An analysis of AFFIRM data cast doubt on the widespread use of digoxin to manage patients with atrial fibrillation (AF). The drug was associated with a significant increase in all-cause mortality, according to results published online Nov. 26 in the European Heart Journal.

“Digoxin has survived as a mainstay of therapy for AF and CHF [congestive heart failure] for decades despite controversies about its safety and continues to be utilized in the U.S. and worldwide,” wrote Matthew G. Whitbeck, MD, of the Gill Heart Institute at the University of Kentucky in Lexington, and colleagues. “Digoxin use has ranged from 35 to 70 percent in recent AF studies despite limited data addressing its safety for this indication.”

Whitbeck and colleagues obtained archived data from AFFIRM (AF Follow-Up Investigation of Rhythm Management), a clinical trial that randomized 4,060 AF patients at high risk for stroke to either rhythm control or rate control over four years with a mean follow-up of 3.5 years. AFFIRM found that rhythm control failed to improve survival compared with rate control, a strategy that frequently used calcium channel blockers, beta-blockers and digoxin. The authors noted that because of the AFFIRM findings, many physicians began to favor rate control strategies for treating AF patients.

For their post-hoc analysis, they used multivariate Cox proportional hazards models to determine whether digoxin use predicted all-cause, cardiovascular and arrhythmic mortality in AF patients, including subsets of patients with or without CHF. They defined CHF as a history of CHF or left ventricular ejection fraction of less than 40 percent. They also explored gender and digoxin use, based on previous studies that suggested increased mortality in women given digoxin.

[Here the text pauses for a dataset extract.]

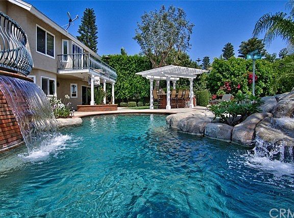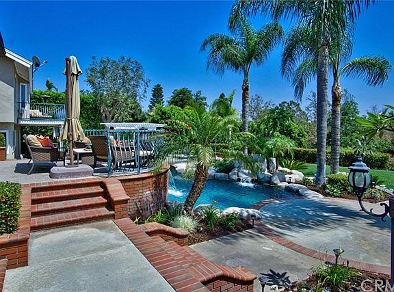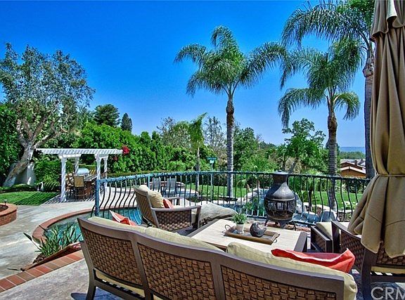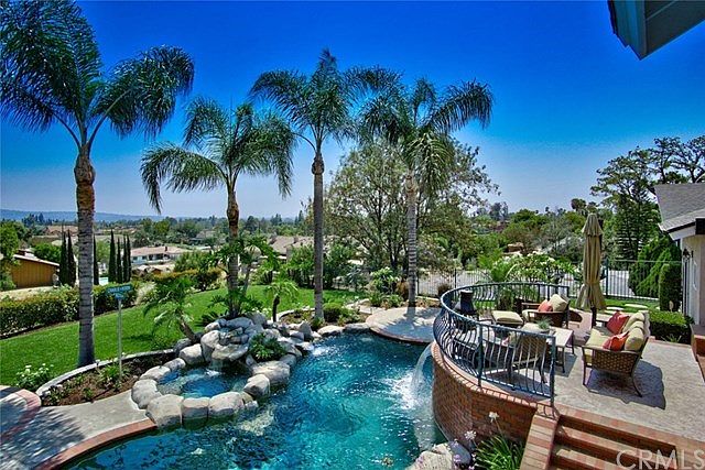 Unique luxury Five bedroom Estate tucked in on a private cul-de-sac in the heart of Yorba Linda with breathtaking panoramic views-city living surrounded by country settings. Enjoy the view from your beautifully landscaped backyard, BBQ area, fire pit with built-in seating, crystal clear pebble-tech pool with a sheet waterfall. Grand entrance with foyer, travertine flooring and chandelier opens to the formal living room with vaulted ceiling that steps out to a landing with seating area overlooking the poo/spa and watch the fireworks nightly from Disneyland. This homes features a formal living and dining area, a family room and a theater/game room all with their own fireplaces. The chef's dream kitchen features 9ft. granite island with stove cook top, bar seating and custom cabinetry with pullouts, top GE Monogram appliances, built-in Refrigerator and double oven. A separate bar area with granite bar seating for two, storage cabinet with wine fridge. A Master suite is luxuriously appointed with two walk-in closets, a spacious bath with dual sinks, soaking 'Jacuzzi' tub and balcony with view. Central A/C with three units for energy savings, alarm system, water softener, surround sound system, 3-car garage with plenty of storage, recessed lighting and neutral decor. Turnkey!!! The 30,000 SQ. FT. lot has so much potential for adding or enhancements. Yorba Linda features award winning schools, a new town center with a movie theater and restaurant in development.

Whitbeck and colleagues found that all-cause mortality was 41 percent higher in patients who received digoxin. In analyses controlling for comorbidities and propensity scores, digoxin was associated with a 37 percent increase in mortality for patients with and without HF. Its use also was associated with a 35 percent increase in mortality from cardiovascular causes and a 61 percent increase in mortality from arrhythmic causes. Gender did not influence the outcomes.

“These findings mean that physicians should try to control a patient’s heart rate by using alternatives as a first line, such as beta-blockers and calcium blockers; if digoxin is used, use a low dose with careful clinical follow-up, evaluate potential drug interactions when starting new medications and monitor digoxin levels,” said senior author Claude S. Elayi, MD, also of the Gill Heart Institute, in a release. “Patients should be aware of potential toxicity and see their physician immediately in specific clinical situations, for instance, if they experience palpitations or syncope, as those may precede arrhythmic death.”

The authors pointed out that AFFIRM did not randomize patients to either digoxin use or a control. They wrote that the associations found in their analyses may be overestimates due to confounders. They also lacked data on digoxin dosing, adherence and duration of treatment.

“While our results strongly suggest that mortality was increased by digoxin in the AFFIRM study, the pathophysiological mechanism remains to be elucidated,” they wrote. Based on their results, they suggested digoxin’s role in the treatment of AF patients with or without HF should be reassessed.